Veloth, do you know of any cheap way I can get the Macro nutrients to the plants? preferably liquids any brands that are economical and good?

Yes.. I live in Asia, singapore ! if you know where it is... 
wont adding epsom salt for too long have an laxative effect on the fishes? Also, I was using the same dosing regime and the plants were okay all along.. 

I dont understand how this can happen.. or perhaps I haven been paying enough attention to them...


----------



## Seattle_Aquarist (Mar 7, 2008)

Hi eylk,

Epsom Salt doesn't seem to have a laxitive effect on my fish however it does add magnesium to the water. If you have been using the same dosing regime and the plants were doing OK, it could still be an Mg deficiency if you are not doing the regular water changes. If you have soft water and don't do regular water changes to replace the magnesium that the plants use as they grow, the small amount in soft water will become depleted.


----------



## davemonkey (Mar 29, 2008)

eylk, I had the same problem on my Java Ferns recently after a long time without dosing micros. I had some soil under my substrate and adding micros yeilded terrible algae blooms since my stem plants were getting nutrients from the soil.

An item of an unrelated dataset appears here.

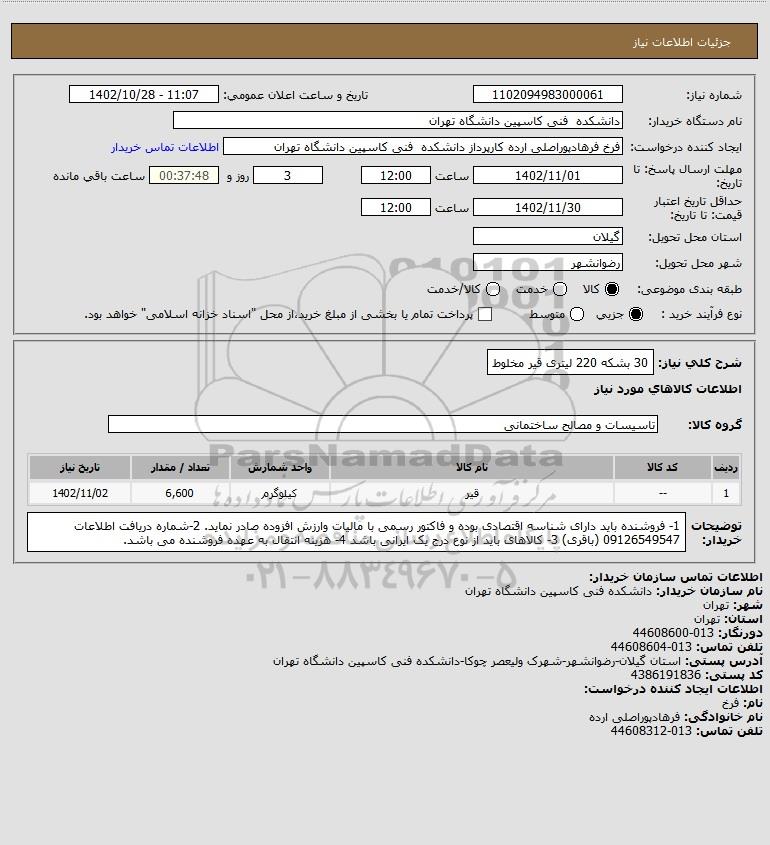 نام دستگاه خریدار:دانشکده فنی کاسپین دانشگاه تهران

In short, I starved my ferns over time and once they started showing symptoms it was too late (they seem to be slow to show symptoms and slow to recover). I removed the soil, cut off EVERY leaf from the rhizomes, and went back to the normal dosings and things are starting to look good again. But, even after a week of normal dosings there were still some new leaves on the fern that would just suddenly die. That had now stopped, but it certainly takes time for these plants to recover from defficiencies.

I agree with Seattle that you are low on some nutrient. What amount of light do you have (total watts) and what size tank? That will help determine what ferts you need.

-Dave


----------



## eylk (Dec 15, 2007)

Oh no.. I was afraid this was gonan happen...

the reason I got Easy plants is because Im new to plants and I dont know that many things
bout dosing and all the chemical equations.

Using Arcadia Orginal Tropical Lamp
http://www.arcadia-uk.info/product.p...n=en&sub=&id=4
I have 2 of them but its does not cover the length of my tank.
Tank is 90cm , the lights are 60cm. 8 hrs a day.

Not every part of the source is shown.